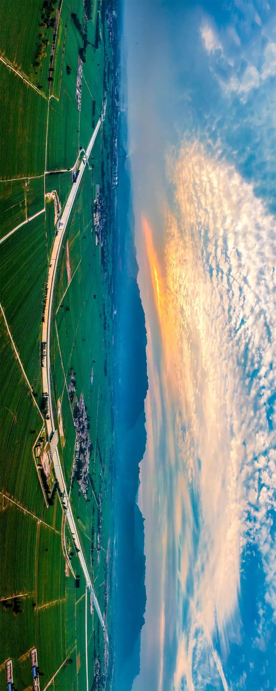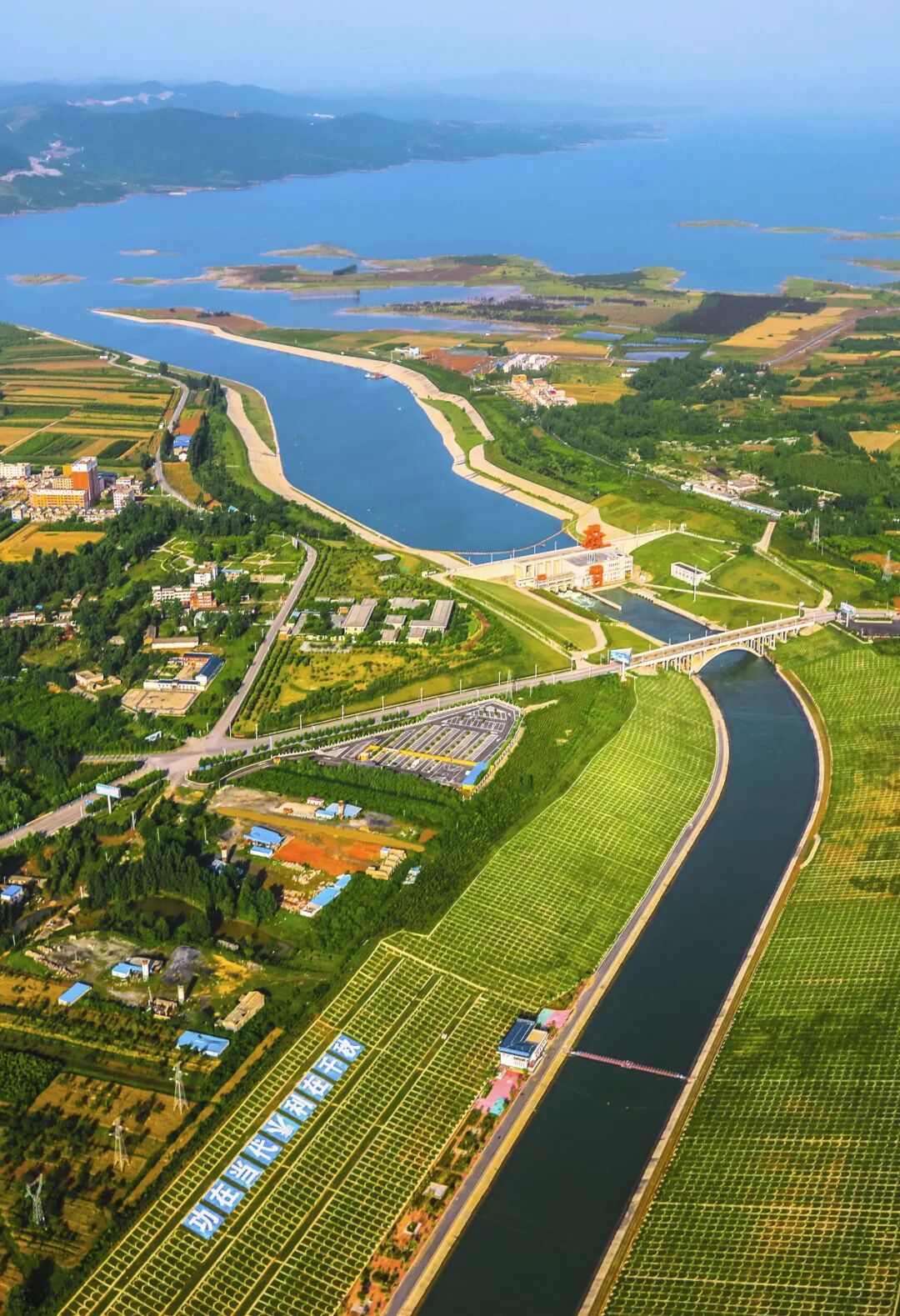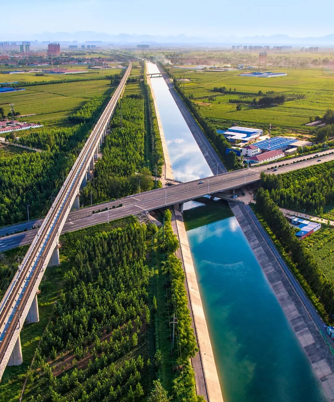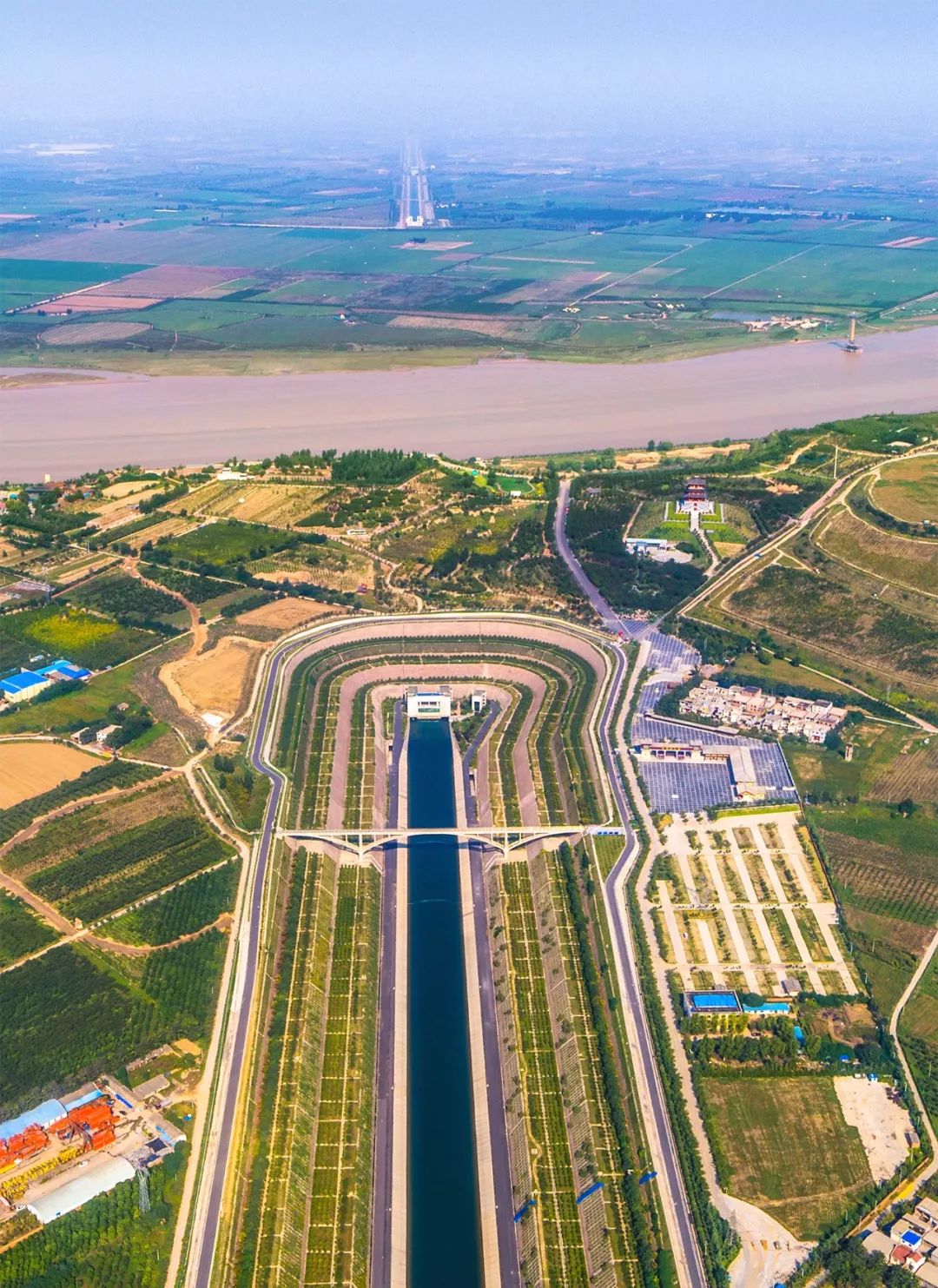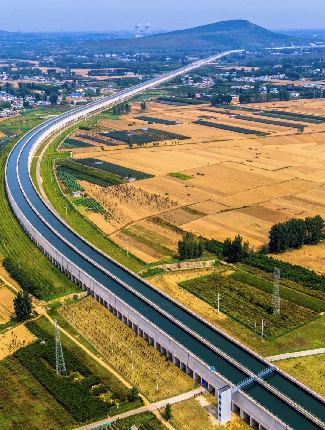(请横屏观看,南水北调水渠流经河南新乡市辉县的农田,摄影师@韩自豪)
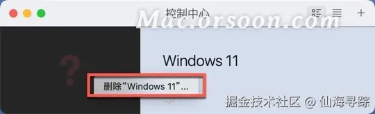 右键单击程序坞中的Parallels Desktop图标,选择删除Windows11,如图:
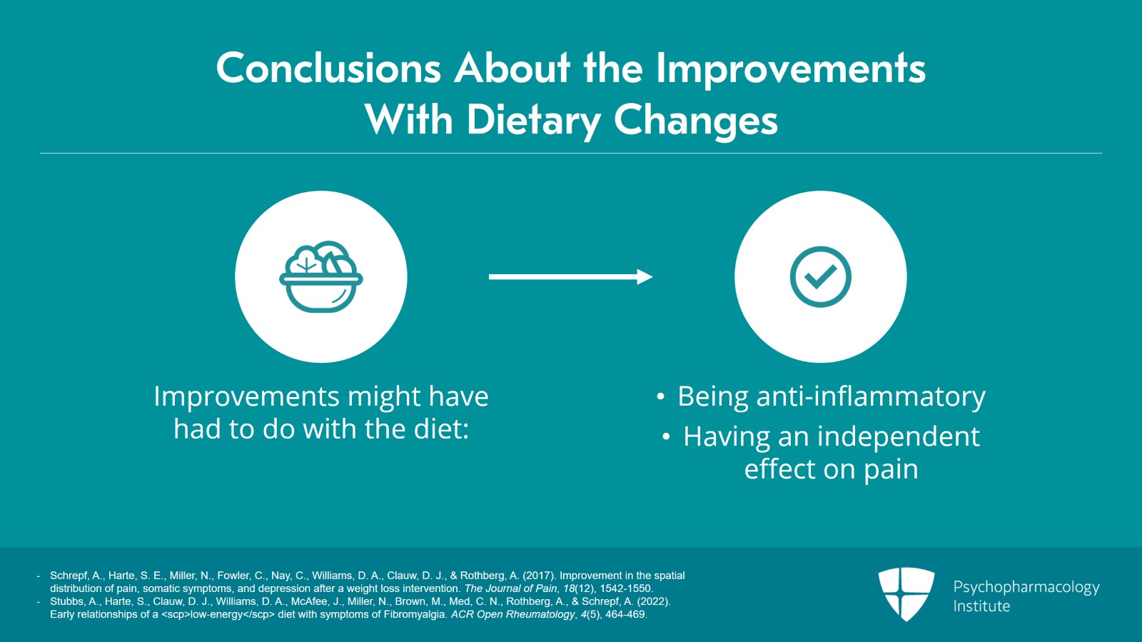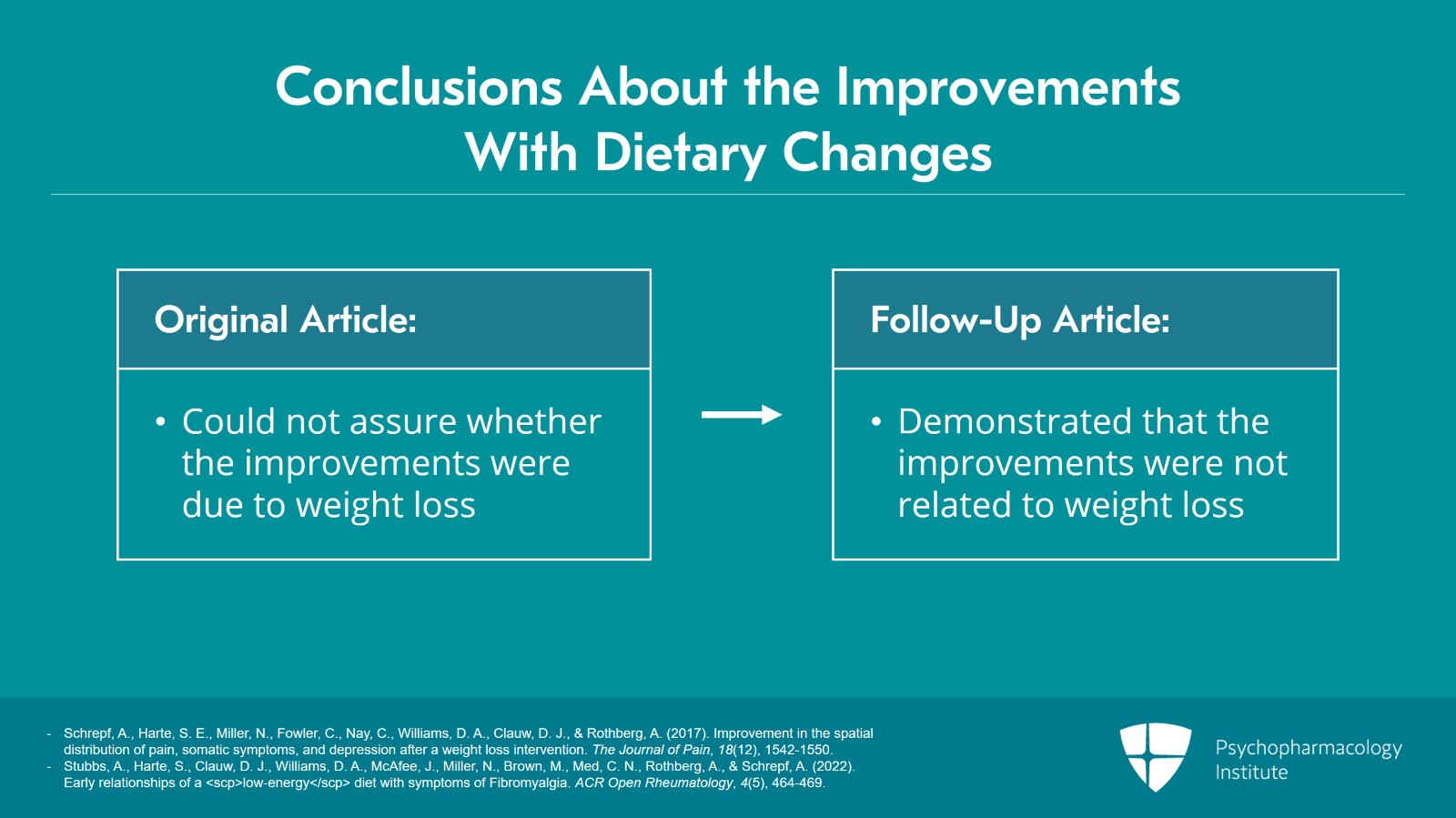 Weight loss does help improve pain in weightbearing joints but we think that the improvements that we’re seeing with this caloric restriction probably have more to do with this diet either being anti-inflammatory or having some kind of independent effect on pain and other symptoms that we see in conditions like fibromyalgia.

### WHAT IS REQUIRED
Would you repeat the complete listing exactly, excluding each picture it holds?

### EXERCISE RESPONSE
(请横屏观看,南水北调水渠流经河南新乡市辉县的农田,摄影师@韩自豪)
 右键单击程序坞中的Parallels Desktop图标,选择删除Windows11,如图:
 Weight loss does help improve pain in weightbearing joints but we think that the improvements that we’re seeing with this caloric restriction probably have more to do with this diet either being anti-inflammatory or having some kind of independent effect on pain and other symptoms that we see in conditions like fibromyalgia.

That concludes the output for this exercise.